**PROBLEM STATEMENT**
Please return the lines below verbatim, beginning at the one that has "Above is a diagram" and stopping after the one that has "Dalam upaya mempererat", and add no other lines.

**DATA TO USE**
════════════════════
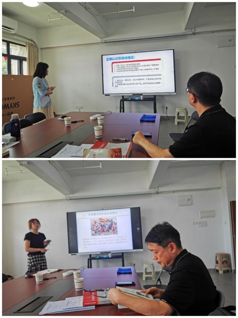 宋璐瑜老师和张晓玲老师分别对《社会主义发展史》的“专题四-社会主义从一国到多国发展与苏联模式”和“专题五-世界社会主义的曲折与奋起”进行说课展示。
════════════════════
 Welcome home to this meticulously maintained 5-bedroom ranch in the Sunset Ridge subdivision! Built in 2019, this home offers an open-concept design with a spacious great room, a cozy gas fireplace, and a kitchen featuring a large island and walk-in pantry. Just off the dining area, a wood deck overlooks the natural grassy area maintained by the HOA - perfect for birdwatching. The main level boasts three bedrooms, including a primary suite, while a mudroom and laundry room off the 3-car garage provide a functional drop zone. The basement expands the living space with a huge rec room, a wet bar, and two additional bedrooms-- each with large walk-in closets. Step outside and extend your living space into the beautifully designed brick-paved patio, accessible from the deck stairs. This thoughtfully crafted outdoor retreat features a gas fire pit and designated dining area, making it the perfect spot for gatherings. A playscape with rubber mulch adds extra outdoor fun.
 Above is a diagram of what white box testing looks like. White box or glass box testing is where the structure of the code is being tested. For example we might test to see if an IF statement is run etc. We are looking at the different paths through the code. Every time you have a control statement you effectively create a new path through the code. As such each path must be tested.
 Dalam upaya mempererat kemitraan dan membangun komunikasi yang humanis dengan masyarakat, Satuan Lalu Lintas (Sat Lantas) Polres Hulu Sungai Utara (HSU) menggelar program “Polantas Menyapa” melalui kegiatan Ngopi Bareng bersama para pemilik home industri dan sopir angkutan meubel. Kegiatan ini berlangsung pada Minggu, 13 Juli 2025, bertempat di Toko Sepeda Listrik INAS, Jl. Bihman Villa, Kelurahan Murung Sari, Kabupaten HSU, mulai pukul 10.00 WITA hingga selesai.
════════════════════
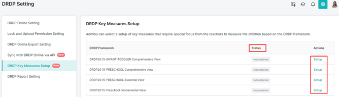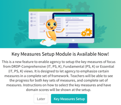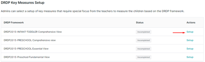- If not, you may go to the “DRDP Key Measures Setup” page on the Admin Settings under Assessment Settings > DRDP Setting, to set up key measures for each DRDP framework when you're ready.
════════════════════
**RESPONSE AREA**
 Above is a diagram of what white box testing looks like. White box or glass box testing is where the structure of the code is being tested. For example we might test to see if an IF statement is run etc. We are looking at the different paths through the code. Every time you have a control statement you effectively create a new path through the code. As such each path must be tested.
 Dalam upaya mempererat kemitraan dan membangun komunikasi yang humanis dengan masyarakat, Satuan Lalu Lintas (Sat Lantas) Polres Hulu Sungai Utara (HSU) menggelar program “Polantas Menyapa” melalui kegiatan Ngopi Bareng bersama para pemilik home industri dan sopir angkutan meubel. Kegiatan ini berlangsung pada Minggu, 13 Juli 2025, bertempat di Toko Sepeda Listrik INAS, Jl. Bihman Villa, Kelurahan Murung Sari, Kabupaten HSU, mulai pukul 10.00 WITA hingga selesai.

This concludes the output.